_Task brief:_ Please copy, exactly as written, the span from the first line below to the line that contains "おすすめ ポイント |", including both, and skip the pictures.

_Data:_
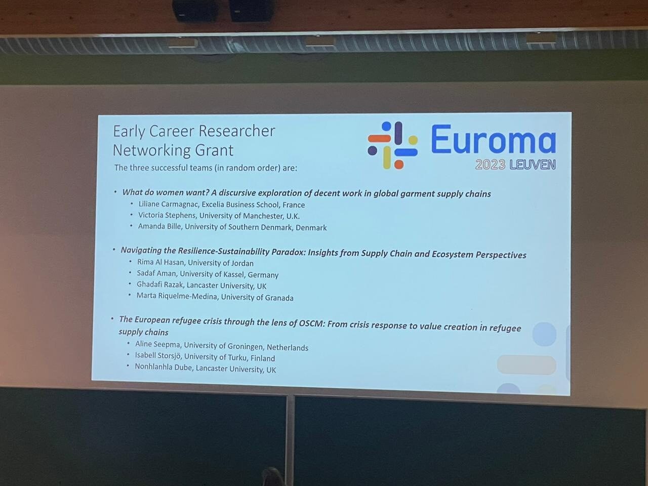 The research group received the Early Career Research Networking grant from the European Operations Management Association (EurOMA) for its research entitled "Navigating the Resilience-Sustainability Paradox: Insights from Supply Chain and Ecosystem Perspectives". EurOMA is an international network of academics and practitioners from around the world who have a common interest in the continuing development of Operations Management. EurOMA is a European-based network with rapidly growing international links, whereby members can share their ideas, knowledge, and experience. It is a communication network that bridges the gap between research and practice.
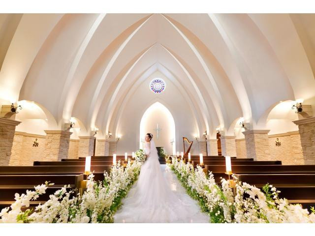 | おすすめ ポイント | 大聖堂と呼ぶにふさわしいアーチを描くチャペル。グランドハープとパイプオルガンの美しい旋律、ソリストの歌声、そして外国人牧師が、おふたりの緊張を解くように迎え入れる。祝福のフラワーシャワーも嬉しい。 |
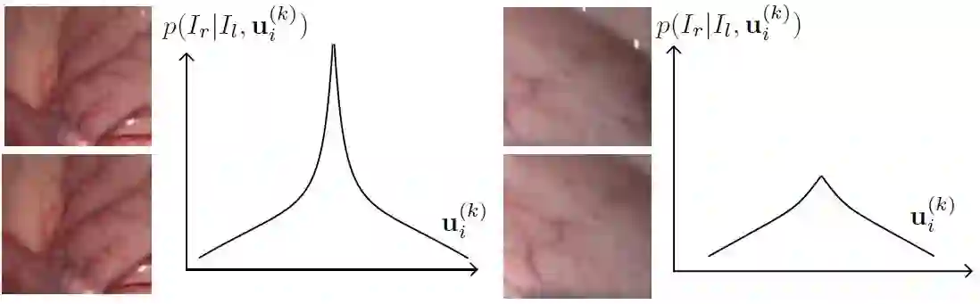 翻译:本文报告了外科图像的CPU级实时立体匹配方法( 10 Hz, 640 * 480 图像, 单核为 i5- 9400 ) 。 提议的方法建在快速“ 强烈反向搜索” 算法上, 该算法估计立体图像的差异。 相重叠的图像补丁( 任意正方形图像段) 根据光度一致性假设对不同比例图像进行校正。 我们提出贝叶西亚框架, 以评价在不同比例上优化补丁差的概率。 此外, 我们引入了空间高斯混合概率分布, 以解决补丁中的像素顺差概率。 校内和合成实验显示, 我们的方法可以处理无纹表面产生的模糊性, 以及Lambertian反射造成的光度不一致性。 我们的巴伊斯方法正确平衡了不同比例上立体图像的补丁的概率。 实验显示, 估计深度比外科情景中的基线法更准确, 外差也更少。
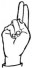 На ћирилици написано ТИОДОР КОЖОВАЦ састоји се из 13 слова [?]. Исписано ћириличном једноручном азбуком за глувонеме:

_Expected output:_
 The research group received the Early Career Research Networking grant from the European Operations Management Association (EurOMA) for its research entitled "Navigating the Resilience-Sustainability Paradox: Insights from Supply Chain and Ecosystem Perspectives". EurOMA is an international network of academics and practitioners from around the world who have a common interest in the continuing development of Operations Management. EurOMA is a European-based network with rapidly growing international links, whereby members can share their ideas, knowledge, and experience. It is a communication network that bridges the gap between research and practice.
 | おすすめ ポイント | 大聖堂と呼ぶにふさわしいアーチを描くチャペル。グランドハープとパイプオルガンの美しい旋律、ソリストの歌声、そして外国人牧師が、おふたりの緊張を解くように迎え入れる。祝福のフラワーシャワーも嬉しい。 |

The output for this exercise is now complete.